Suppose that there exists some $B \in \mathbb{N}$ such that $G$ does not contain a clique of size $B$.
Does $G$ necessarily have a proper coloring which uses only a finite number of colors?
Apart of the specific Mycielski-like construction from the article in Dominic's answer, we may take the universal triangle free-graph, which satisfies the following conditions:
(i) $G$ has countable number of vertices;
(ii) $G$ does not contain triangles;
(iii) for any finite set $V_0$ of vertices of $G$ and any independent subset $V_1\subset V_0$ there exists a vertex $u\notin V_0$ in $G$ such that $N(u)\cap V_0=V_1$. Here $N(u)$ denotes, as usual, the set of neighbours of $u$.
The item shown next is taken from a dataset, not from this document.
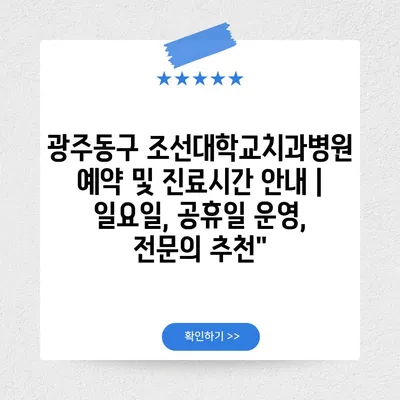 광주동구 조선대학교치과병원 예약 및 진료시간 안내 | 일요일, 공휴일 운영, 전문의 추천”

It is easy to achieve this by inductive procedure, and also it is easy to check that this graph is highly transitive (any partial isomorphisms between finite subgraphs may be extended to a genuine automorphism of the whole $G$). Also $G$ contains all finite triangle-free graphs (the vertices of such a graph may be constructed consequentially). Thus $G$ has infinite chromatic number, since the finite triangle-free subgraphs may have arbitrarily large chromatic number.
No - there are triangle-free, vertex transitive graphs of infinite chromatic number, see for instance this article.